Mindfulness encourages us to live in the moment in the belief that training the mind to stay in touch with the present from one moment to the next – rather than always thinking back or ahead, or juggling several thoughts at the same time – can help us connect to our senses and to diffuse negativity, depression and general unhappiness, and promote a sense of wellbeing instead.

It can be applied to everyday tasks like walking, brushing your teeth, taking a shower and listening to the phone ringing. Concentrating the mind on the task or event in hand, and appreciating it for what it is, sounds easy but it is actually quite difficult for those, like me, who have multiple thoughts running around their head every second of the day. The same applies to cooking and eating: too often I’m listening to music or the radio news during food preparation, and watching telly, chatting or reading while actually eating (sorry, dad).

I was interested to find that a new book to be published this month captures the mindfulness zeitgeist to help influence our attitude to food.
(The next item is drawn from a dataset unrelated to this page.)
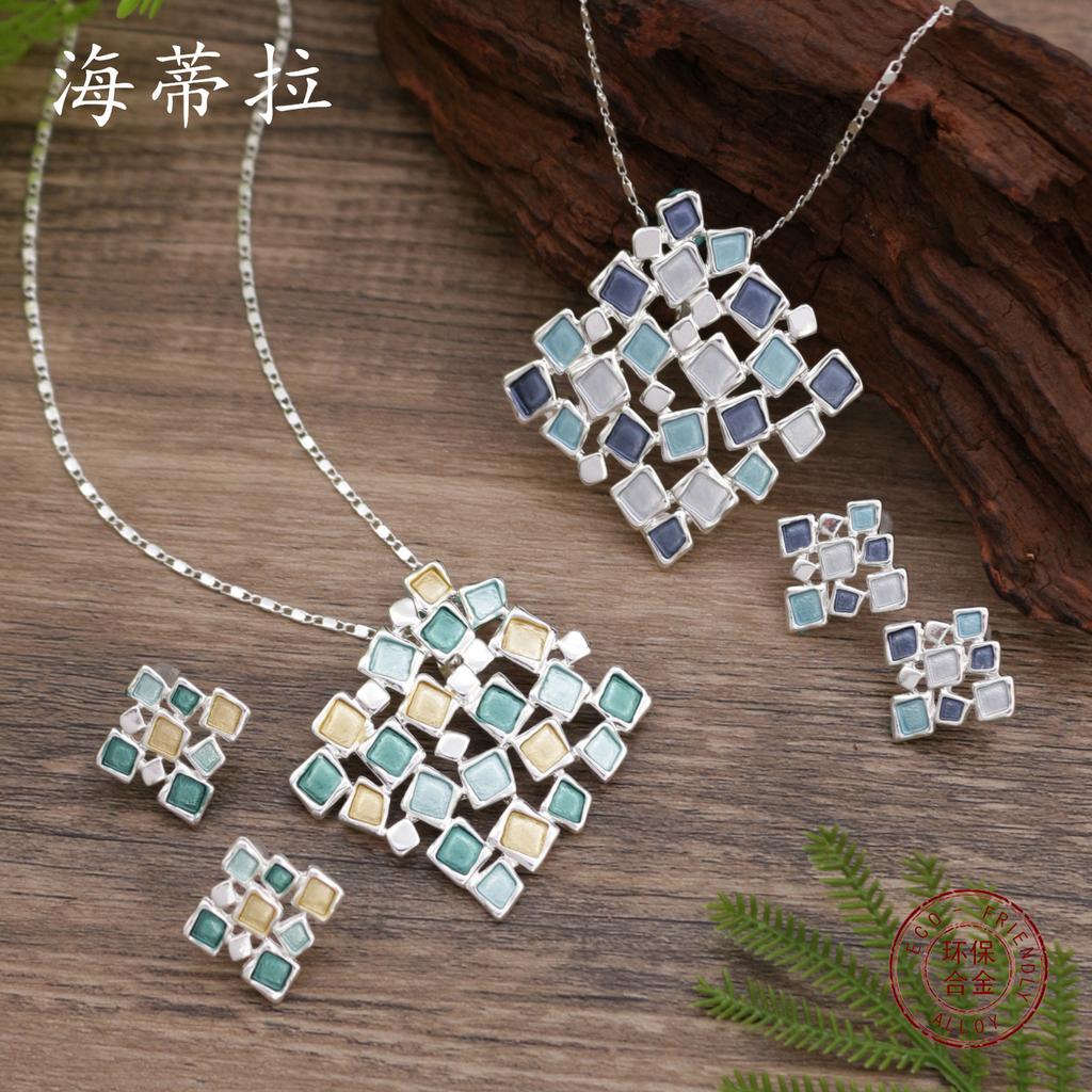 New enamel color hollow square stud earrings pendant set women's high-end geometric square necklace

The Mindfulness Diet (Hamlyn; £9.99) claims that being mindful and aware will help our appreciation of every mouthful, while rewarding us and healing our food issues such as comfort eating and cravings for chocolate or wine – without having to diet.

Basically it comes down to savouring the food before us with all five of the senses. We should learn to better appreciate the smell of warm, spicy, lemony cake; the sight of red tomatoes, yellow peppers, orange carrots, deep brown Balsamic; the sound of crunchy granola, the squishy sultana, the burst of a blueberry; the touch of the rolling pin as it crushes nuts beneath it, or butter as you grease the baking tray, or dough as you knead it. And taste, no longer considered to be centred on different areas of the tongue but on every single tastebud, each of which can pick up any of the five known tastes - including umami.

That’s not something I was aware might be in my 1960s mince and tatties, but I’ll certainly bear it in mind.